▸ **TASK STATEMENT**: Your output should be everything below from the line containing "Uczestnicy aktywnie brali" down to the line containing "Sculpture en biscuit", both ends included, copied exactly, with pictures left out.

▸ **PROVIDED INFORMATION**:

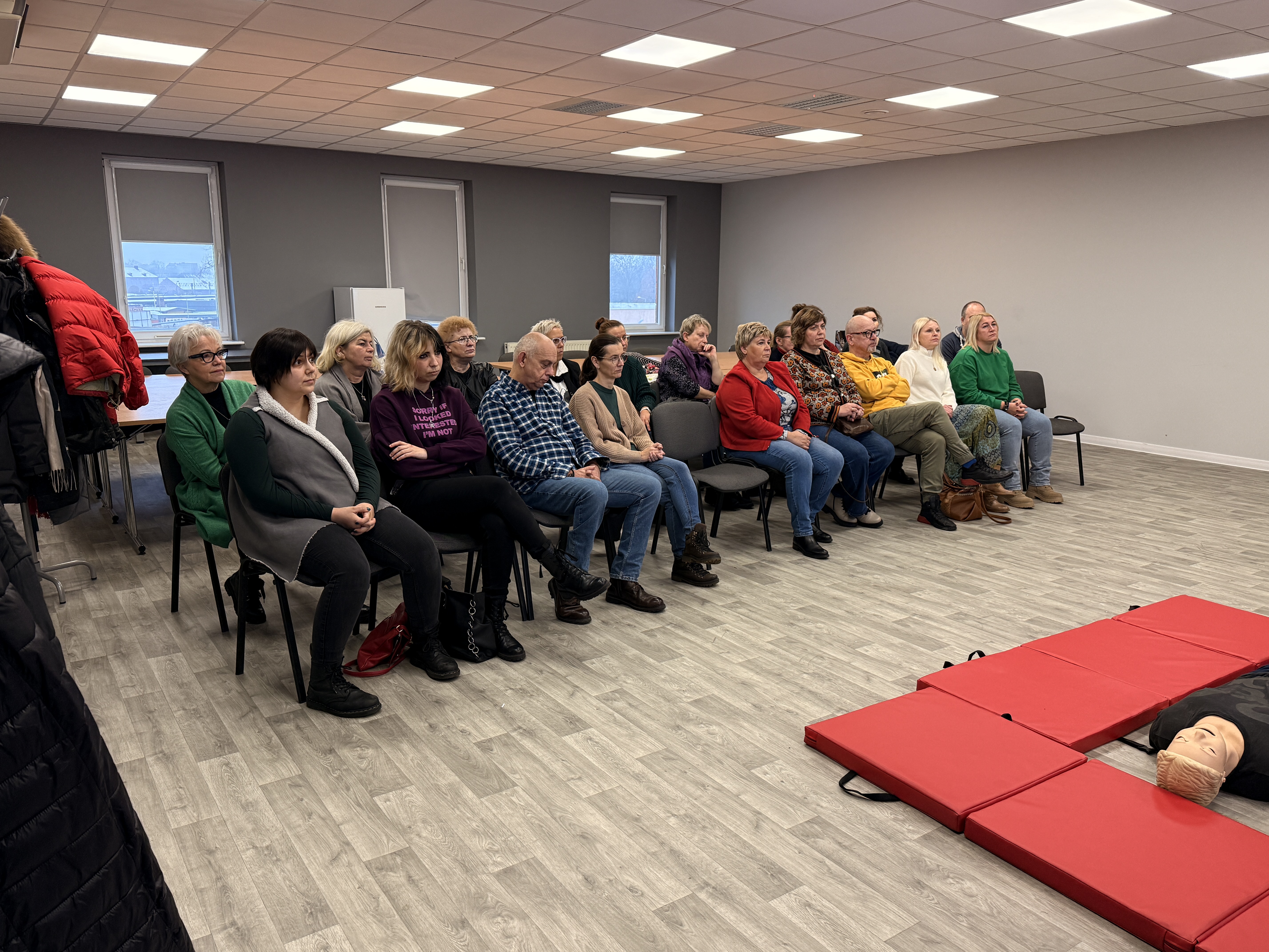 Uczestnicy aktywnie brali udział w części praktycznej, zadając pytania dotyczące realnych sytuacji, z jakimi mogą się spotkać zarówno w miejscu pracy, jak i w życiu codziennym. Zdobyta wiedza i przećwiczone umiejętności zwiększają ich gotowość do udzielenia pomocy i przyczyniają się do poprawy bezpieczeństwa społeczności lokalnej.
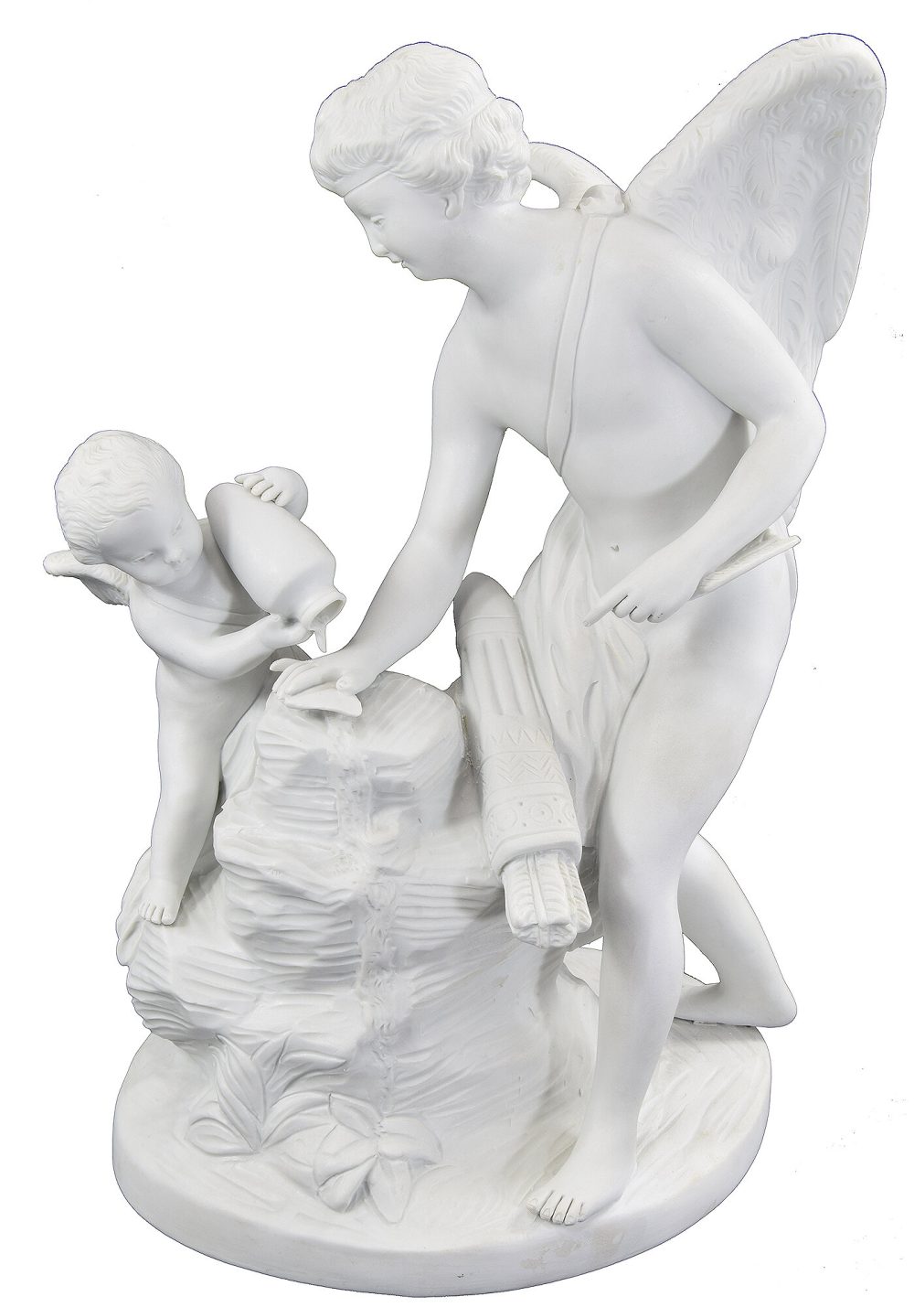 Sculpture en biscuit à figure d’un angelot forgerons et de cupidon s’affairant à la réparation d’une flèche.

==

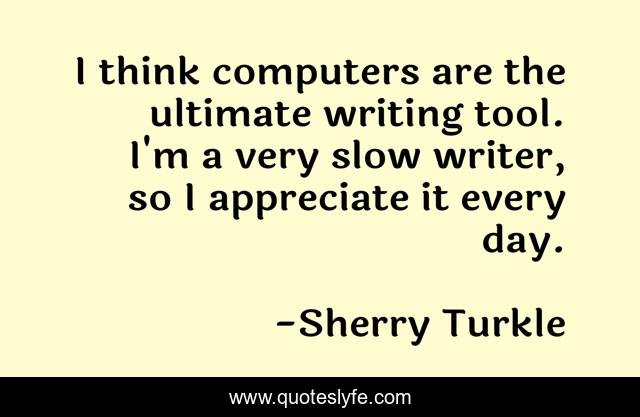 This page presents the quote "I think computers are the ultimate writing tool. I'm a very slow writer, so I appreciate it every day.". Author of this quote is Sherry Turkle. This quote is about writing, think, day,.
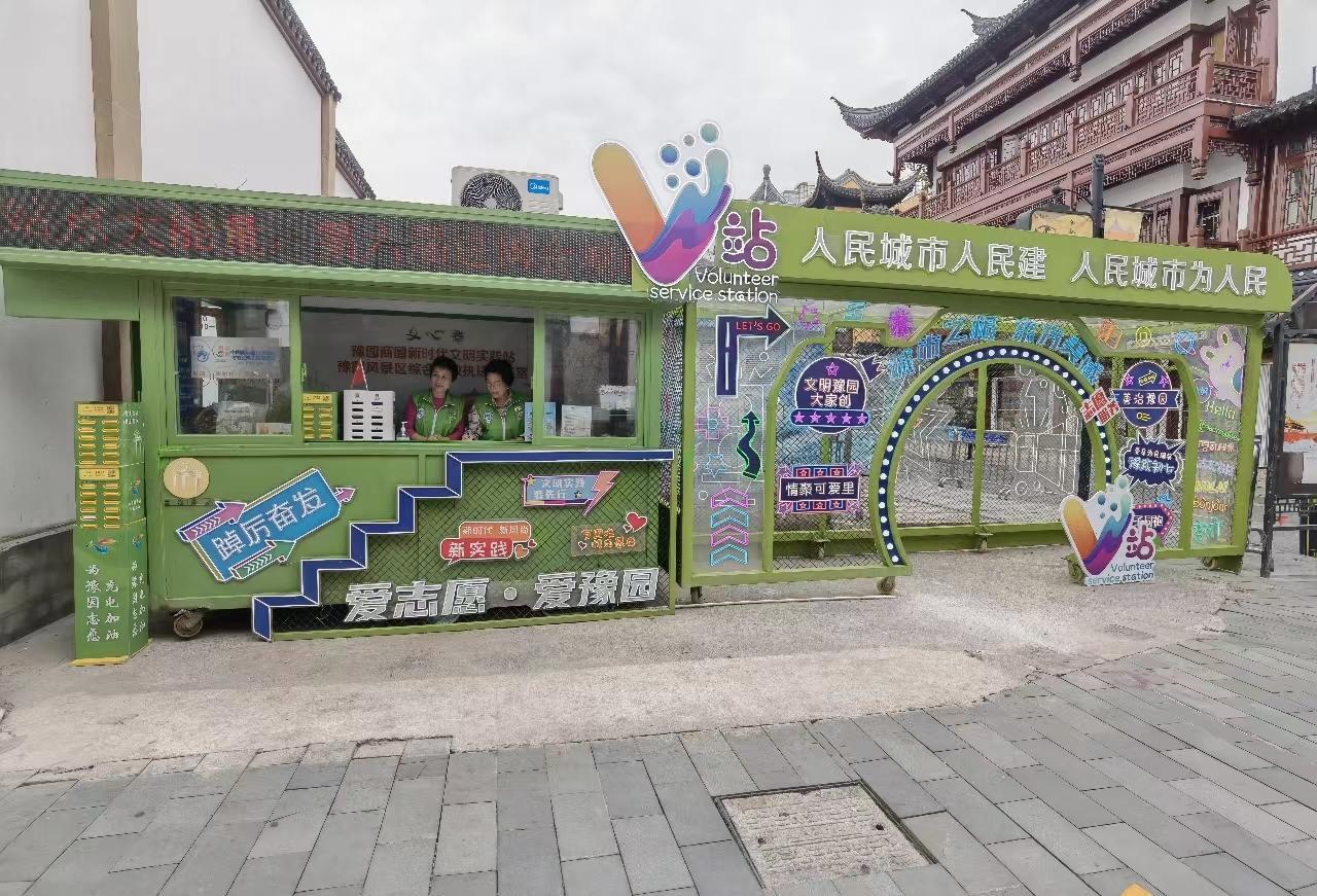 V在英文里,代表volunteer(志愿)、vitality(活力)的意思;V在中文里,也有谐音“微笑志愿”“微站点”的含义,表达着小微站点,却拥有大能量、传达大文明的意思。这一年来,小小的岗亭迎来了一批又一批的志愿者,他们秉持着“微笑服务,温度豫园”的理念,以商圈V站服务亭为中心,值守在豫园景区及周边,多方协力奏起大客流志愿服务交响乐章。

▸ **SOLUTION TO THE EXERCISE**:
 Uczestnicy aktywnie brali udział w części praktycznej, zadając pytania dotyczące realnych sytuacji, z jakimi mogą się spotkać zarówno w miejscu pracy, jak i w życiu codziennym. Zdobyta wiedza i przećwiczone umiejętności zwiększają ich gotowość do udzielenia pomocy i przyczyniają się do poprawy bezpieczeństwa społeczności lokalnej.
 Sculpture en biscuit à figure d’un angelot forgerons et de cupidon s’affairant à la réparation d’une flèche.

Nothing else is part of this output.